Anonymous martyr () is a term commonly used to refer to the remains of those Iranians who were killed in the Iran–Iraq War but could not be identified, due to limited technology and poor organization. To this day, these Iranian casualties are still unknown. However, the commander of the Iranian Revolutionary Guard, General Rahim Safavi, estimated that there were around 213,000 deaths.

More traditionally the authorities relied on the uniforms and the kind of gear used by the soldier to determine whether he is Iranian or not, but during the recent years there has been an increased use of DNA testings to make that determination. Usually, a mausoleum is built over the tomb of the people to allow for visits.

Memorials 
In recent years, the government has created sites on universities around the country and buried the remains of newly found anonymous martyrs. For example, in 2011, 19 people's remains were honored in 13 locations in the provinces of Tehran, Semnan, Chahar Mahal and Bakhtiyari, Kerman, Fars, Ilam, Markazi, and Lorestan. Some of the bodies were returned to the place where they were born or the places of their martyrdom.

There are also those that were enshrined in monuments, which are often hosted by universities. Notable examples include the Graves and the Monument of Unknown Martyrs at University of Tehran.
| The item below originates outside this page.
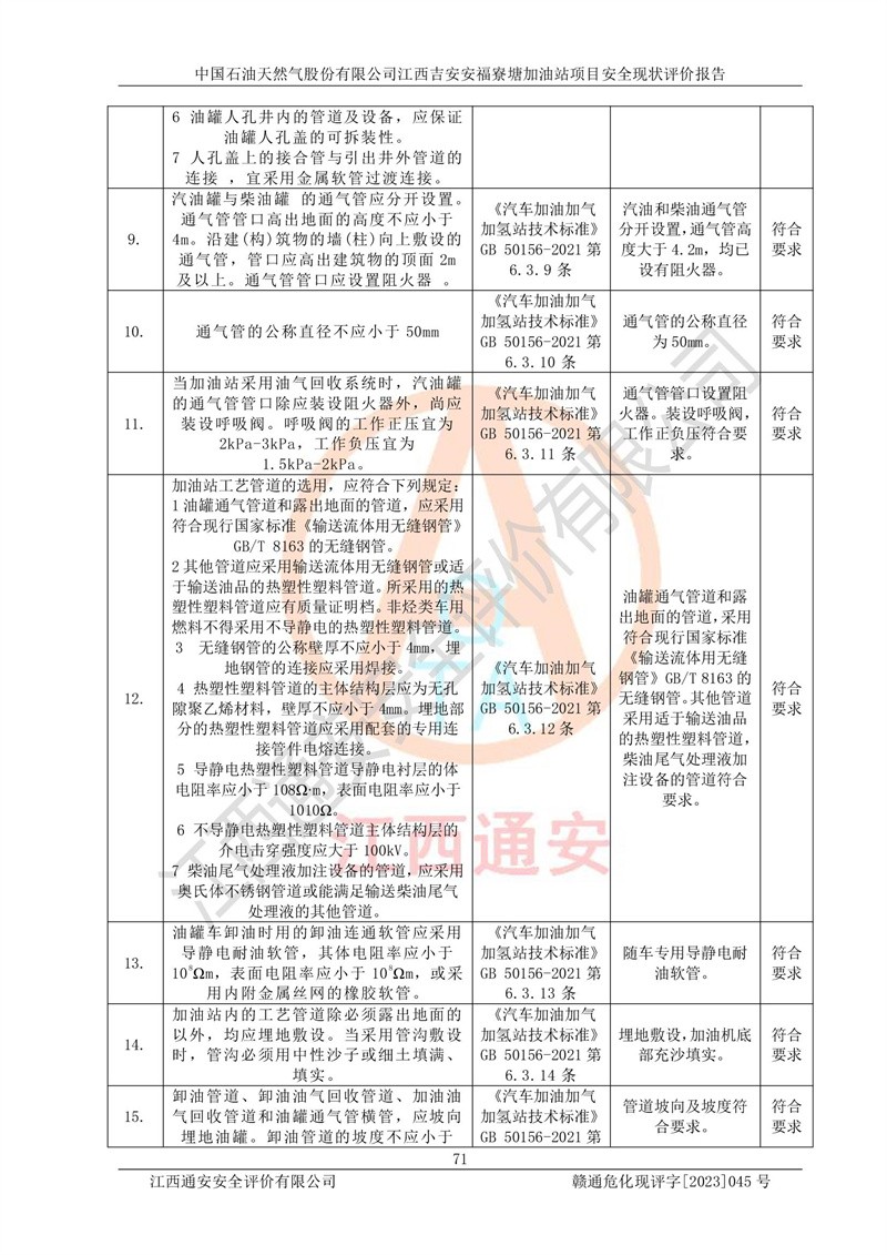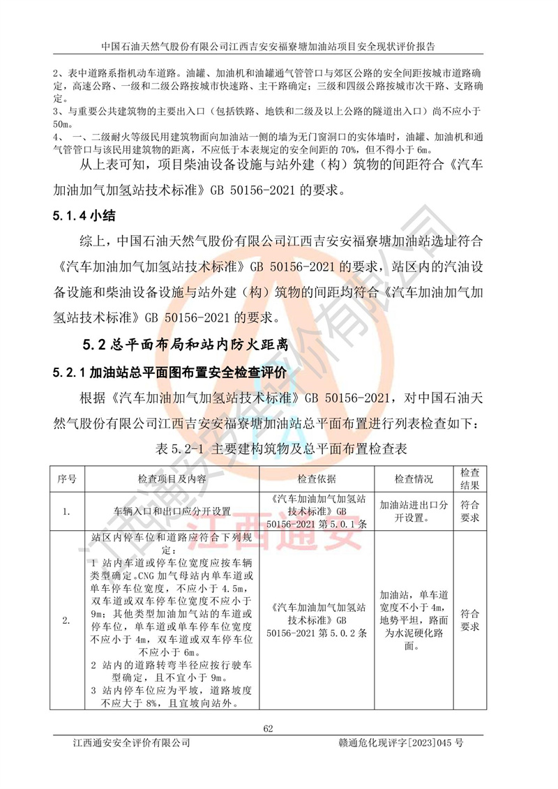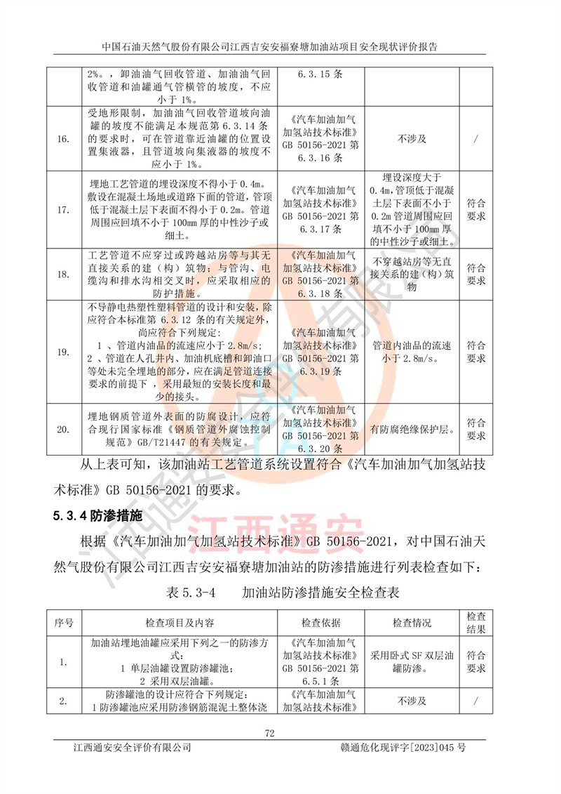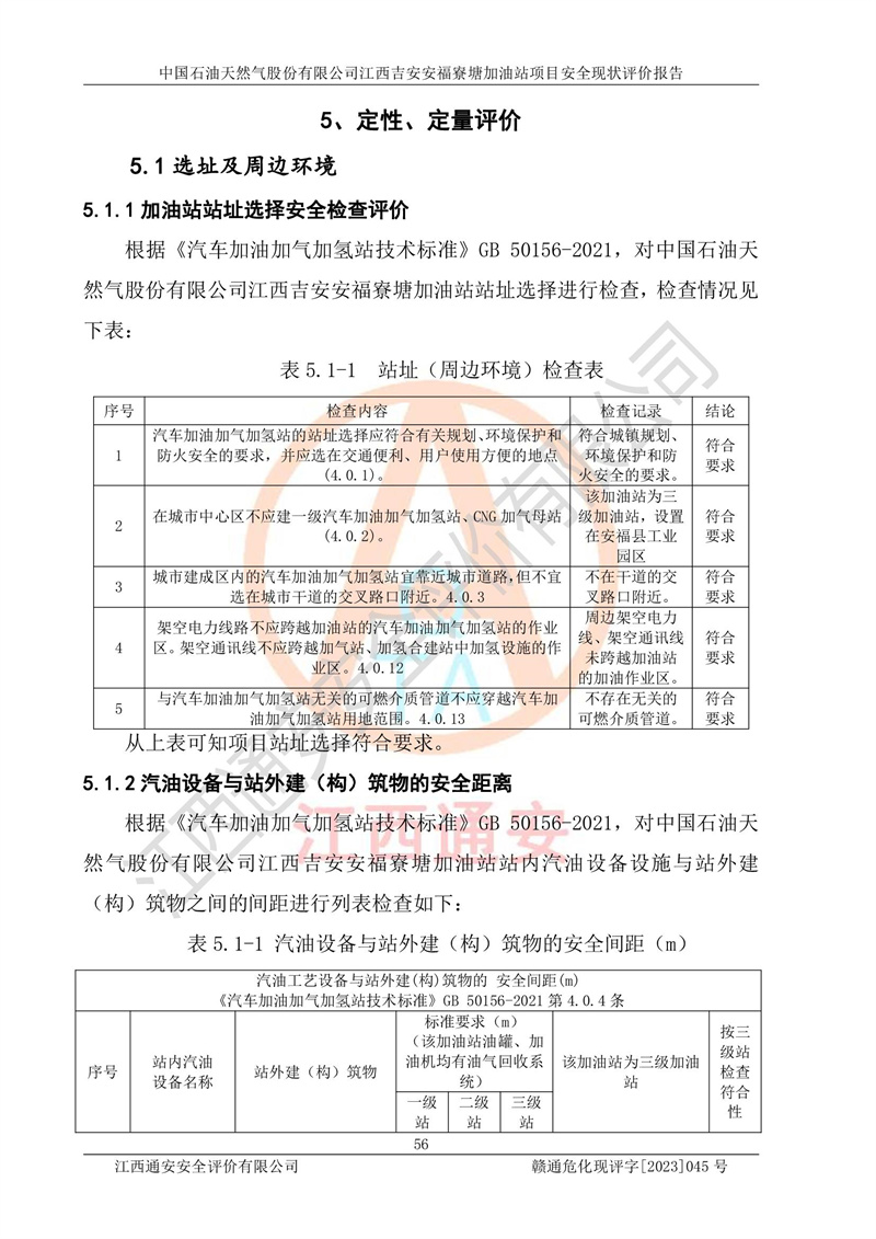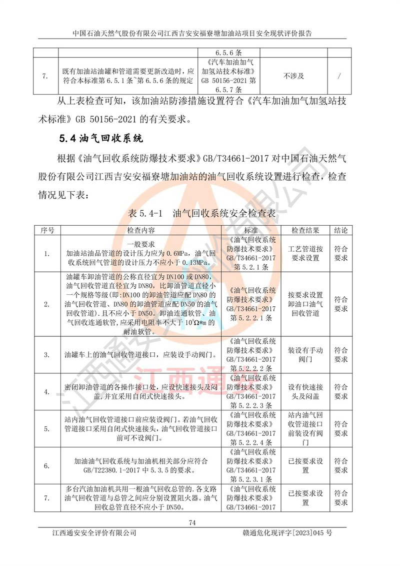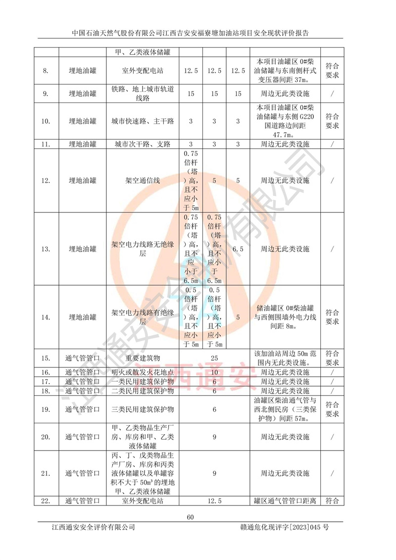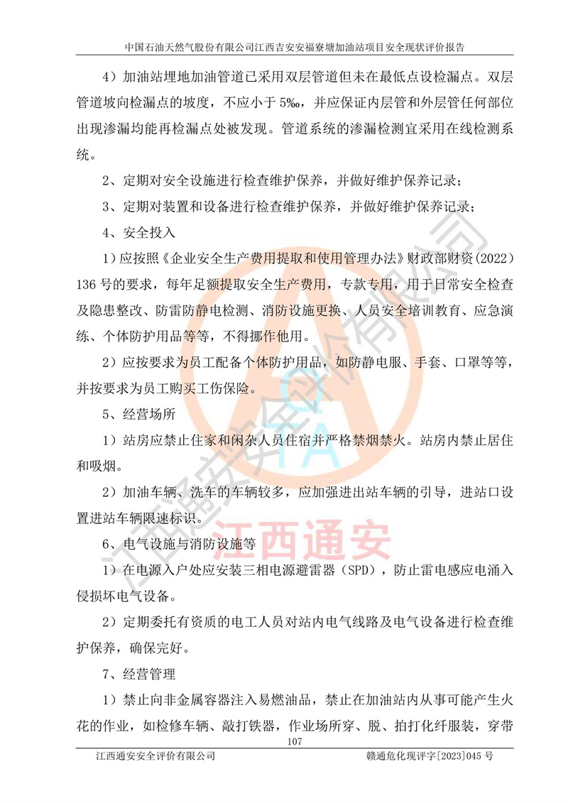 中國石油天然氣股份有限公司江西吉安安福寮塘加油站是一家從事成品油批發(fā)、成品油零售經(jīng)營的企業(yè)。該加油站成立于2011年5月4日,并獲得安??h市場監(jiān)督管理局頒發(fā)的營業(yè)執(zhí)照,營業(yè)執(zhí)照統(tǒng)一社會(huì)信用代碼為:91360829573618262D,加油站類型為股份有限公司分公司(上市,國有控股),負(fù)責(zé)人為鄢**,經(jīng)營范圍:許可項(xiàng)目:成品油批發(fā),成品油零售,住宿服務(wù),餐飲服務(wù),食品銷售,煙草制品零售,***零售,農(nóng)藥零售,藥品零售(依法須經(jīng)批準(zhǔn)的項(xiàng)目,經(jīng)相關(guān)部門批準(zhǔn)后在許可**期內(nèi)方可開展經(jīng)營活動(dòng),具體經(jīng)營項(xiàng)目和許可期限以相關(guān)部門批準(zhǔn)文件或許可證件為準(zhǔn))一般項(xiàng)目:潤滑油銷售,日用陶瓷制品銷售,汽車銷售,新能源汽車整車銷售,新能源汽車換電設(shè)施銷售,新能源汽車電附件銷售,互聯(lián)網(wǎng)銷售(除銷售需要許可的商品),汽車裝飾用品銷售,日用品銷售單用途商業(yè)預(yù)付卡代理銷售,日用化學(xué)產(chǎn)品銷售,勞動(dòng)保護(hù)用品銷售,家用電器銷售,塑料制品銷售,嬰幼兒配方乳粉及其他嬰幼兒配方食品銷售,食品用洗滌劑銷售,飼料添加劑銷售,肥料銷售,洗車服務(wù),農(nóng)副產(chǎn)品銷售,五金產(chǎn)品零售,辦公用品銷售,第二類醫(yī)療器械銷售,充電樁銷售農(nóng)作物種子經(jīng)營(**不再分裝的包裝種子),廣告設(shè)計(jì)代理,電子過磅服務(wù),化妝品零售,畜牧漁業(yè)飼料銷售消毒劑銷售 (不含危險(xiǎn)化學(xué)品),汽車零配件零售,電車銷售,機(jī)動(dòng)車修理和維護(hù),家具銷售,日用百貨銷售,集中式**充電站,針紡織品銷售,住房租賃 (除依法須經(jīng)批/準(zhǔn)的項(xiàng)目處,憑營業(yè)執(zhí)照依法自主開展經(jīng)營活動(dòng))。經(jīng)營場所:江西省吉安市安??h寮塘鄉(xiāng)龍佳村。 中國石油天然氣股份有限公司江西吉安安福寮塘加油站占地面積1200㎡,加油站中設(shè)有0#柴油雙槍加油機(jī)2臺(tái),92#汽油、95#汽油四槍加油機(jī)2臺(tái);該站設(shè)有4個(gè)30m3SF雙層埋地臥式儲(chǔ)罐,其中有2個(gè)30m3SF雙層埋地臥式0#柴油罐、1個(gè)92#30m3SF雙層埋地臥式汽油罐,1個(gè)95#30m3SF雙層埋地臥式汽油罐,油品折算總?cè)萘繛?/span>90m3(柴油罐容積折半計(jì)入油罐總?cè)莘e),屬三級加油站,汽油卸油、加油設(shè)置了油氣回收系統(tǒng)。 中國石油天然氣股份有限公司江西吉安安福寮塘加油站于2020年11月04日經(jīng)安??h應(yīng)急管理局核準(zhǔn),換發(fā)了新的《危險(xiǎn)化學(xué)品經(jīng)營許可證》,證書編號(hào):贛安安經(jīng)(甲)[2014]000007,許可經(jīng)營范圍:成品油。**期2020年11月04日至2023年11月03日。 中國石油天然氣股份有限公司江西吉安安福寮塘加油站2023年05月11日經(jīng)吉安市商務(wù)局核準(zhǔn),換取了新的《成品油零售經(jīng)營批準(zhǔn)證書》,證書編號(hào):油零售證書第吉0256號(hào),批準(zhǔn)從事成品油(汽油、柴油)零售業(yè)務(wù)。證書**期至2023年5月11日至2028年05月10日。 |

This is a simple memorial located at the entrance of the mosque of the university and commemorates the martyrdom of Iranian students killed in the Iran-Iraq war. There is also the Graves of Unknown Martyrs on Imam Hussain Square, which is one of Tehran's main public spaces. The city government held a competition for its design, which was won by a concrete five-sided building concept, representing five anonymous martyrs.

To commemorate the anonymous martyr, Shahid Gomnam Expressway in Tehran is named Anonymous.